Caring for a Baby

Is skin-to-skin contact useful and how do I go about it?

Skin-to-skin contact involves placing the newborn on the mother or the father’s bare chest. Skin-to-skin contact offers many benefits for the baby as well as the mother and the father.  

When the mother’s and the baby’s health allows it, this practice is highly encouraged on the Mother-Child Unit, whether the infant is breastfed, bottle-fed or delivered vaginally or by C-section. 

Skin-to-skin contact is encouraged immediately after delivery, especially with the mother, and can continue throughout your hospital stay and beyond if you so wish.  

Benefits for the mother and the baby

  • Eases the baby’s transition to life outside the womb
  • Helps calm the mother 
  • Regulates the baby’s body temperature thanks to the heat emanating from your skin
  • Stabilizes the baby’s blood sugar, heartbeat and breathing
  • Helps the baby feel safe: the baby recognizes your heartbeat and smell 
  • Has a calming effect: the baby cries less
  • Heightens the baby’s natural instinct to breastfeed
  • Helps babies latch and nurse
  • Helps reduce bleeding (hemorrhage) in the uterus
  • Promotes breast milk production
  • Helps the baby get used to touch
  • Promotes bonding
  • Helps the mother feel more confident

Benefits for the father

  • Promotes bonding
  • Helps the father feel more confident 
  • Helps the father be more aware of his baby’s needs
  • Creates a special connection 
  • Helps the baby and father discover one another

When should I have my baby vaccinated?

Vaccines will help your child develop the defenses (antibodies) needed to fight diseases. Babies usually get their first vaccines at two months of age. You can create your child’s vaccination record on the Public Health Agency of Canada website.

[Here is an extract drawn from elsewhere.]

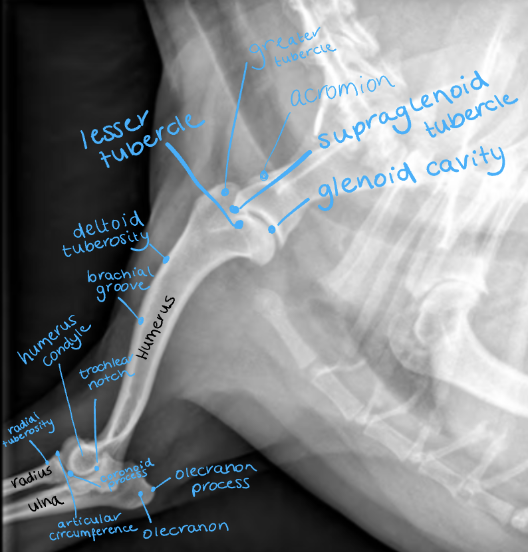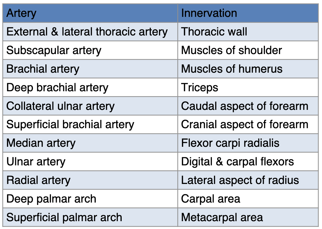 Lies beneath muscles of shoulder & runs down forelimb

Children are vaccinated against the following diseases:

  • Diphtheria
  • Pneumococcal infection
  • Tetanus
  • Pertussis (whooping cough)
  • Polio
  • Haemophilus influenza type b infections (Hib)
  • Measles
  • Rubella
  • Mumps
  • Hepatitis B

In Québec, there is an immunization (vaccination) schedule.  Vaccination is recommended for all (though not mandatory) and is free. To have your baby vaccinated, you can go to the CLSC or your child’s doctor. 

For more on vaccination for children: 

Vaccine administered in the Mother-Child Care Unit

In some cases, a hepatitis B vaccine is given to the baby while in the Mother-Child Unit. It is administered to your baby if you have hepatitis B.